This study deals with the impact of cylindrical eigenstrains on the traveling wave solutions of a neo-Hookean cylindrical rod. For this purpose, we consider an isotropic, incompressible neo-Hookean rod with the symmetrical distribution of radial, circumferential and longitudinal eigenstrains. To establish the momentum balance equations, we construct a Riemannian manifold as the reference configuration, and then place it in Euclidean space. Assuming that the rod has an axisymmetric region with uniform eigenstrains, we extend and simplify the governing equations to come up with the final nonlinear differential equation. After thorough analysis of this equation, we introduce a traveling wave which is not observed in an eigenstrain-free rod and also explain how the cylindrical eigenstrains affect the velocities. In addition, we propose an important solution, stating that with special quantities of the eigenstrains, any arbitrary function can be a traveling wave in the rod (provided that it is physically acceptable). To substantiate this claim, we find those eigenstrain parameters by which the equilibrium equation is satisfied automatically. Proving that these waves are of equal velocities, we can say that this solution is similar to d’Alembert’s solution in linear approaches.
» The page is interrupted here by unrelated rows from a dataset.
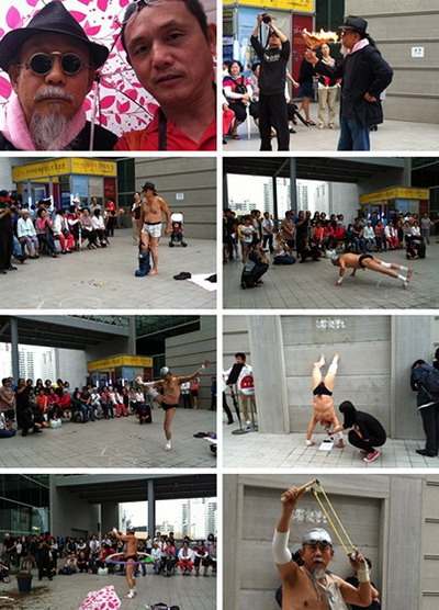 香港丸仔的表演如同一体殘者的挣扎,痛苦,扭曲!最后他想从一门缝中消失,店老板拖他出来,返复了两次.....
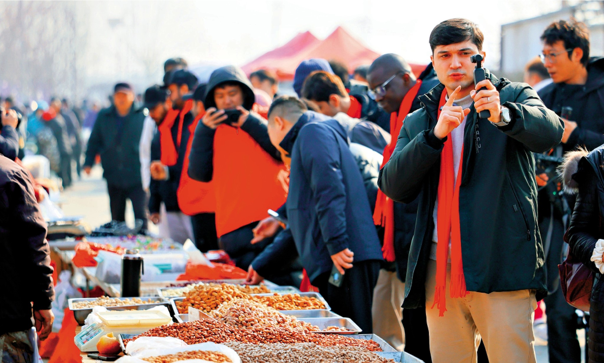 來自塔吉克斯坦的南開大學留學生吳莫凡來到天津市薊州區穿芳峪鎮大集,擠在琳琅滿目的年貨攤位間,趕大集、嘗小吃、看秧歌。「太熱鬧了。」26歲的吳莫凡興奮地說,「我看到了中國人過春節的煙火氣。」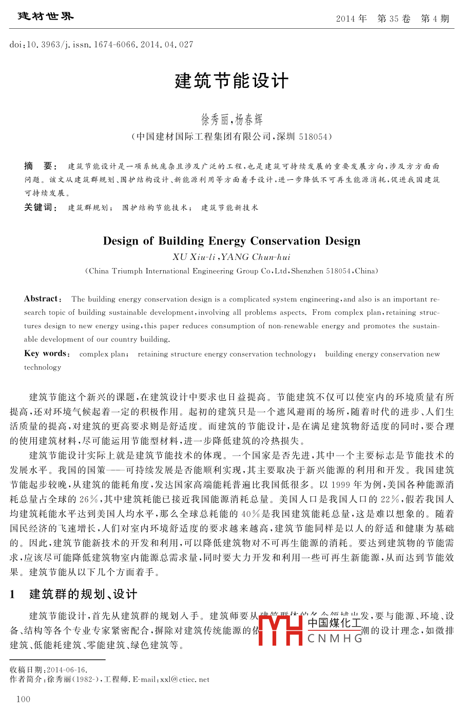 建材世界2014年第35卷第4期doi:10.3963/j.isn.1674-6066.2014.04.027建筑節(jié)能設(shè)計(jì)徐秀麗,楊春輝(中國(guó)建材國(guó)際工程集團(tuán)有限公司,深圳518054)摘要:建筑節(jié)能設(shè)計(jì)是一項(xiàng)系統(tǒng)龐雜且涉及廣泛的工程,也是建筑可持續(xù)發(fā)展的重要發(fā)展方向,涉及方方面面問(wèn)題。該文從建筑群規(guī)劃、國(guó)護(hù)結(jié)構(gòu)設(shè)計(jì)、新能源利用等方面著手設(shè)計(jì),進(jìn)一步降低不可再生能源消耗,促進(jìn)我囯建筑可持續(xù)發(fā)展。關(guān)鍵詞:建筑群規(guī)劃;圍護(hù)結(jié)構(gòu)節(jié)能技術(shù);建筑節(jié)能新技術(shù)Design of Building Energy Conservation DesignXU Xiu-liYANG Chunh(China Triumph International Engineering Group Co, Ltd, Shenzhen 518054, ChinaAbstract: The building energy conservation design is a complicated system engineering, and also is an important re-rch topic of building sustainable development, involving all problems aspects. From complex plan, retaining structures design to new energy using, this paper reduces consumption of non-renewable energy and promotes the sustaiable development of our country buildingKey words: complex plan: retaining structure energy conservation technology; building energy conservation new建筑節(jié)能這個(gè)新興的課題,在建筑設(shè)計(jì)中要求也日益提高。節(jié)能建筑不僅可以使室內(nèi)的環(huán)境質(zhì)量有所提高,還對(duì)環(huán)境氣候起著一定的積極作用。起初的建筑只是一個(gè)遮風(fēng)避雨的場(chǎng)所,隨著時(shí)代的進(jìn)步、人們生活質(zhì)量的提高,對(duì)建筑的更高要求則是舒適度。而建筑的節(jié)能設(shè)計(jì),是在滿(mǎn)足建筑物舒適度的同時(shí),要合理的使用建筑材料,盡可能運(yùn)用節(jié)能型材料,進(jìn)一步降低建筑的冷熱損失。建筑節(jié)能設(shè)計(jì)實(shí)際上就是建筑節(jié)能技術(shù)的體現(xiàn)。一個(gè)國(guó)家是否先進(jìn),其中一個(gè)主要標(biāo)志是節(jié)能技術(shù)的發(fā)展水平。我國(guó)的國(guó)策—可持續(xù)發(fā)展是否能順利實(shí)現(xiàn),其主要取決于新興能源的利用和開(kāi)發(fā)。我國(guó)建筑節(jié)能起步較晩,從建筑的能耗角度,發(fā)達(dá)國(guó)家髙端能耗普遍比我國(guó)低很多。以1999年為例,美國(guó)各種能源消耗總量占全球的26%,其中建筑耗能已接近我國(guó)能源消耗總量。美國(guó)人口是我國(guó)人口的22%,假若我國(guó)人均建筑耗能水平達(dá)到美國(guó)人均水平,那么全球總耗能的40%是我國(guó)建筑能耗總量,這是難以想象的。隨著國(guó)民經(jīng)濟(jì)的飛速增長(zhǎng),人們對(duì)室內(nèi)環(huán)境舒適度的要求越來(lái)越高,建筑節(jié)能同樣是以人的舒適和健康為基礎(chǔ)因此,建筑節(jié)能新技術(shù)的開(kāi)發(fā)和利用,可以降低建筑物對(duì)不可再生能源的消耗。要達(dá)到建筑物的節(jié)能需求,應(yīng)該盡可能降低建筑物室內(nèi)能源總需求量,同時(shí)要大力開(kāi)發(fā)和利用一些可再生新能源,從而達(dá)到節(jié)能效果。建筑節(jié)能從以下幾個(gè)方面著手1建筑群的規(guī)劃、設(shè)計(jì)建筑節(jié)能設(shè)計(jì),首先從建筑群的規(guī)劃入手。建筑師要從上今中發(fā),要與能源、環(huán)境、設(shè)備、結(jié)構(gòu)等各個(gè)專(zhuān)業(yè)專(zhuān)家緊密配合,摒除對(duì)建筑傳統(tǒng)能源的亻中國(guó)煤化工CNMHG潮的設(shè)計(jì)理念,如微排建筑、低能耗建筑、零能建筑、綠色建筑等收稿日期:2014-06-16作者簡(jiǎn)介:徐秀麗(1982-),工程師.E-mail:xxl(@chief.net100建材世界2014年第35卷第4期在過(guò)去的建筑規(guī)劃設(shè)計(jì)方案中,建筑師注重的只是建筑的容積率以及各建筑間的間距是否滿(mǎn)足日照要求,整個(gè)建筑群的空間形態(tài)以及建筑物與地理環(huán)境是否協(xié)調(diào),卻很少考慮建筑物是否節(jié)能,建筑材料是否使用環(huán)保材料。而節(jié)能環(huán)保意識(shí)只是在建筑單體的設(shè)計(jì)階段才被重視,這就出現(xiàn)了一些單體建筑很難解決的問(wèn)題在節(jié)能設(shè)計(jì)中,首先是合理選址、合理利用自然環(huán)境。根據(jù)建筑群體周?chē)臍夂驐l件,結(jié)合建筑物本體所在的氣候環(huán)境特點(diǎn),在設(shè)計(jì)過(guò)程中,要著重考慮利用地勢(shì)和周邊地理環(huán)境塑造出良好的建筑室內(nèi)微氣候這樣可以減少使用建筑材料?,F(xiàn)代眾多行業(yè)中,一些住宅投資方要求最大限度的利用土地,爭(zhēng)取更高的投資回報(bào),要求設(shè)計(jì)師把地塊按照最大的容積率布置整個(gè)用地,這種最大容積率布置會(huì)使住宅的舒適度降低,通風(fēng)不好,尤其是在夏季。住宅房間內(nèi)部聚積的熱量很難散失,只能采取措施降溫,極大的增加建筑物的耗能當(dāng)前的許多住宅為了建筑造型犧牲了內(nèi)部功能,窗戶(hù)面積開(kāi)的過(guò)大,增加了冷熱損失,嚴(yán)重影響了建筑物的通風(fēng)和隔熱。這些不良影響都是由于在設(shè)計(jì)中忽略了通風(fēng)所致設(shè)計(jì)建筑時(shí),整體建筑的體量和朝向是合理設(shè)計(jì)應(yīng)該把握的主要方向。合理的建筑體形不僅可以獲得良好的室內(nèi)微環(huán)境,還可以降低能耗。因此,我國(guó)標(biāo)準(zhǔn)規(guī)范也規(guī)定了建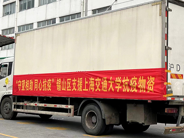4月16日下午,一辆满载着生活物资和医疗防护用品的货车从江苏省无锡市锡山区出发,开往上海。晚上九点半,货车抵达上海交通大学闵行校区。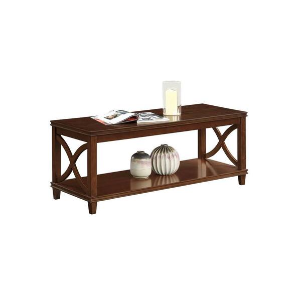 Florence 47 in. Espresso Standard Rectangle Wood Coffee Table Shelf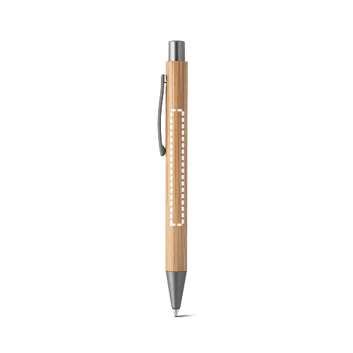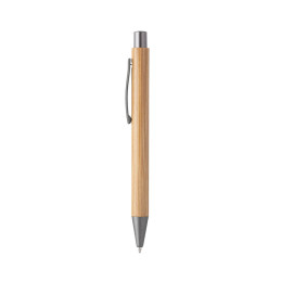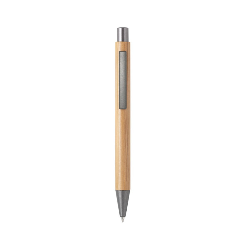 Stylo à bille en aluminium recyclé (100 % RAL) avec finition en caoutchouc. Son design minimaliste associe des détails gris métallisé mat et un bouton en bambou à l'extrémité. Il est doté d'un clip et d'une écriture bleue. Une fois gravé au laser, la couleur de personnalisation deviendra argentée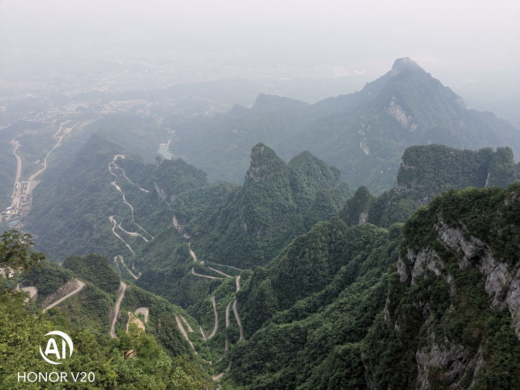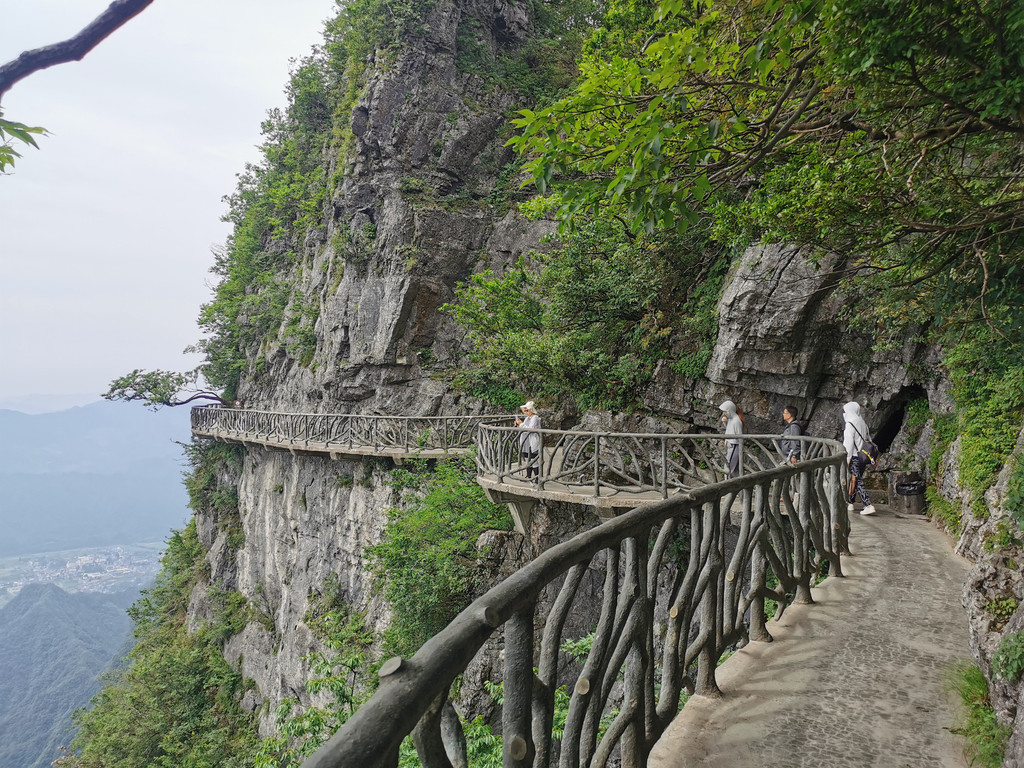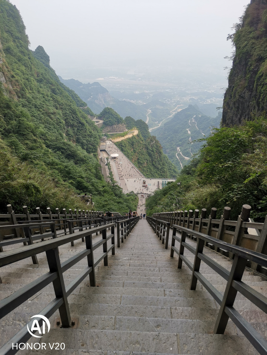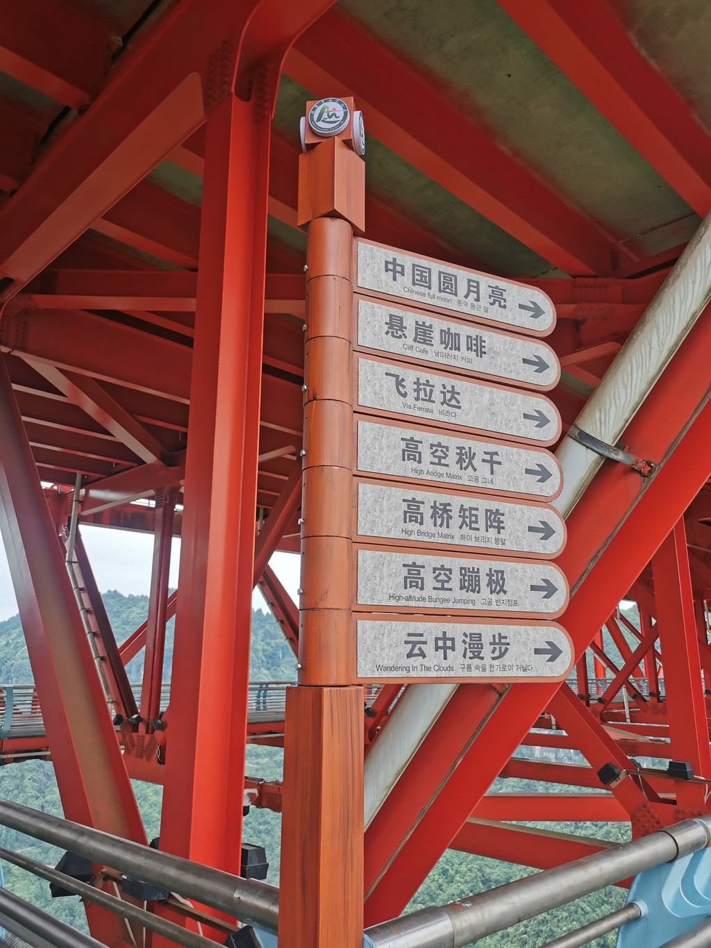 天门山景区。我们选择的B线上山路线,要先在缆车站乘坐景区的观光车,去到上天门洞的快线缆车,到达共有999级的天梯。不想爬楼梯,自费买票搭乘扶梯上去(32元/人),然后再搭乘七级上山扶梯(费用已包含在套票里)上到山顶。我们沿着东环线和西环线整整绕了一周,慢走慢游观景拍照的大概也用了二三个小时。整个山顶游道都比较平坦,没有太多台阶,所以不会太累,最后搭乘山顶缆车离开景区直接下到缆车站,从离开酒店到回到酒店,大约用了五六个钟头。天门山景区大概是全国唯一一个可以从市区直接乘坐缆车到达山顶的,缆车单程用时约二十多分钟,实在是方便得很。整个景区的公共设施都建设和维护得比较好,不愧是5A级景区。

这项研究处理圆柱特征应变对新霍克式圆柱棒的行波解的影响。为此，我们考虑了各向同性，不可压缩的新霍克杆，该杆具有径向，周向和纵向特征应变的对称分布。为了建立动量平衡方程，我们构造了黎曼流形作为参考配置，然后将其放置在欧几里得空间中。假设杆具有一个具有均匀特征应变的轴对称区域，我们可以扩展和简化控制方程，以得出最终的非线性微分方程。经过对该方程的彻底分析，我们引入了在无本征应变的杆中未观察到的行波，并解释了圆柱本征应变如何影响速度。此外，我们提出了一个重要的解决方案，指出如果使用特殊数量的本征应变，则任意函数都可以是杆中的行波（只要它在物理上是可以接受的）。为了证明这一点，我们找到了自动满足平衡方程的那些特征应变参数。证明这些波具有相同的速度，可以说该解与线性方法中的d'Alembert解类似。